Ошибки в определении сторон горизонта именно в водах Зондского архипелага встречались еще в средние века у арабских мореплавателей. Там обычно моряки попадали в зону экватора и отчасти даже еще южнее. В течение лета, северного полушария солнце в полдень стоит здесь на севере. Это неожиданное для них явление, видимо, создавало в представлениях у греческих купцов такую же путаницу, как и у финикиян фараона Нехо (см. гл. 9). Если они в качестве пассажиров пересекали на каком-нибудь индийском или китайском, корабле Зондские моря, то в полдень им вполне могло показаться, в соответствии с положением солнца, что они едут на юг, в то время как в действительности корабль держал курс на север. Этим можно психологически объяснить известные несообразности в описании Птолемея или по крайней мере их [410] причины. Верна ли эта гипотеза или нет, не имеет значения для настоящего исследования. Разумеется, могли быть и другие ложные предпосылки, определившие ошибки в данных Марина – Птолемея относительно местоположения Каттигары.

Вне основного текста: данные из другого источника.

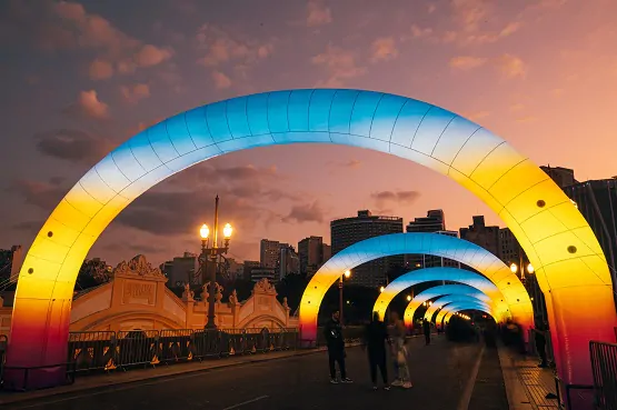 Um dos destaques na Festa da Luz deste ano em Belo Horizonte, a obra “Foco”, do artista e arquiteto Ricardo Bizafra, leva à Praça do Mercado seu túnel de luz, formado por dez grandes arcos infláveis coloridos que guiam o olhar do público. Do mesmo local, será possível admirar a instalação “Paisagens Digitais”, do Homem Gaiola, que utiliza laser mapping para criar contornos luminosos pelos edifícios.

Герман сделал удачную попытку найти объяснение ошибочным данным Птолемея. Он отмечает следующее: Птолемей на основании рассказов мореплавателей подчеркивал,[12] что из Заб дальнейший путь к Каттигаре идет на юго-восток.[13] Это верно, поскольку вначале нужно обогнуть мыс. Однако о том, что после обхода полуострова корабли должны были вновь взять курс на север, мореплаватели забыли рассказать Птолемею или он сам упустил это из виду. Как бы то ни было, он, вероятно, впал в ошибку, предполагая, будто все плавание проходило в юго-восточном направлении, и соответственно поместил Каттигару к юго-востоку от Заб. Объяснение Германа представляется вполне правдоподобным. Правильно оно или нет, установить нельзя. Что к указаниям Птолемея на долготы и широты нужно относиться весьма критически и вносить в них коррективы, подчеркивал еще Фольц.[14] Так, он утверждал в одном месте, что все координаты Птолемея «имеют, естественно, не абсолютную, а относительную ценность».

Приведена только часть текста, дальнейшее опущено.